I know. Bear with me.
By the end, you’ll understand why these things actually matter for the software you’re building right now, and you’ll have a mental model that makes the rest of the Layr8 docs click immediately.
Let’s skip the academic framing and get to the practical stuff.
The Problem DIDComm Solves
Imagine you’re building two services that need to communicate. Traditional approach:
- Service A has an HTTP endpoint
- Service B calls it with an API key to authenticate
- You write docs, share the key, handle key rotation, log the calls
This works fine when Service A and Service B are in the same organization. It gets complicated when they’re not — when you’re connecting a system you control to a partner’s system, or when you’re building AI agents that need to talk to each other across organizational boundaries.
The problems are predictable:
- Who issues and rotates the API keys?
- What happens when you need to revoke access for one party without affecting others?
- How do you know the message actually came from who it says it came from?
- How do you audit not just “a call was made” but “this specific identity made this call”?
DIDComm answers all of these. But the solution is built on a foundation you need to understand first: DIDs.
DIDs: The One-Minute Version
A DID (Decentralized Identifier) is a globally unique identifier that you control.
It looks like this: did:web:alice.example.com:agent
Behind every DID is a DID document — a public JSON file that contains:
- The entity’s public key(s)
- Service endpoints (where to reach them)
- Metadata about the identity
To resolve a DID, you look up its DID document. For did:web identifiers, this is a simple HTTPS fetch. The DID document lives at a predictable URL on the domain.
Here’s why this is powerful: the private key never leaves the entity that owns the DID. When that entity needs to prove who it is, it signs something with its private key. Anyone can verify the signature using the public key from the DID document. No shared secret. No central authority. No one who can revoke your identity without your participation.
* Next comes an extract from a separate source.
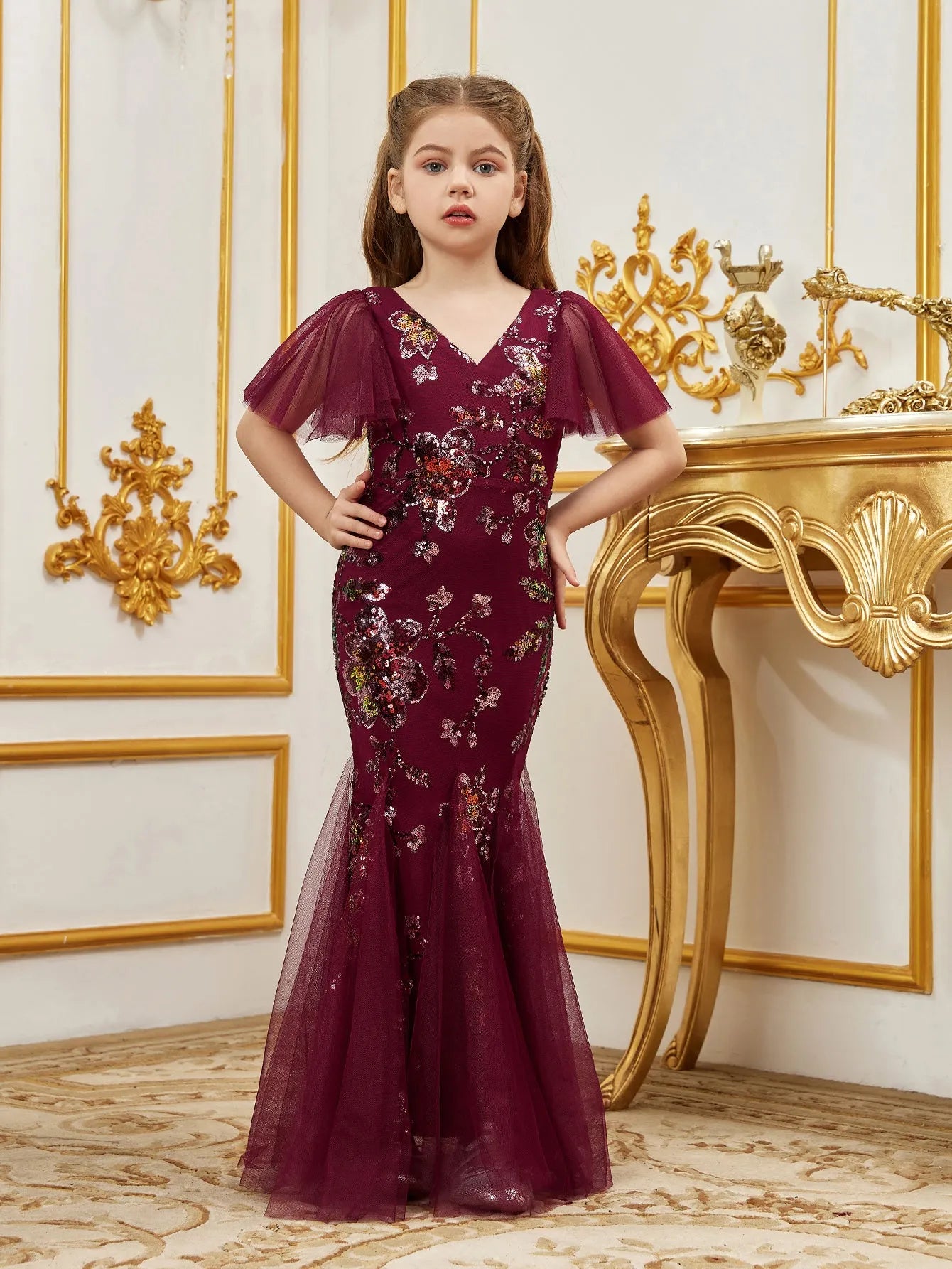 Elevate her style with this enchanting mermaid-style gown in a rich burgundy hue, crafted to make any young girl feel like a star. Intricately adorned with sparkling floral sequin detailing, this dress catches the light beautifully, adding a touch of glamour to any occasion. The V-neck bodice is complemented by delicate, fluttering short sleeves that enhance its fairytale appeal, while the mermaid silhouette gracefully flares into a soft tulle hem, creating a charming and elegant look.

This is different from every other authentication system you’ve used. OAuth requires an identity provider. API keys require an issuer. TLS certificates require a certificate authority. DIDs don’t require any of these. They’re self-sovereign — you generate them, you control them, and they travel with you wherever you go.
DIDComm: Messaging Built on Top of DIDs
DIDComm (DID Communication) is a messaging protocol built on the foundation of DIDs. It defines how two entities — each with a DID — can exchange messages that are:
End-to-end encrypted. Messages are encrypted using the recipient’s public key (from their DID document). Only the recipient can decrypt them. Not the transport layer. Not the routing infrastructure. Only the recipient.
Cryptographically authenticated. Messages are signed with the sender’s private key. The recipient can verify the signature using the sender’s public key. Not “this came from an IP address I recognize.” Actual cryptographic proof.
Transport-agnostic. DIDComm doesn’t care how the message gets delivered. HTTPS, WebSockets, email, Bluetooth, QR codes, sneakernet — the security model is the same regardless of transport. This is unusual and valuable: the trust travels with the message, not with the channel.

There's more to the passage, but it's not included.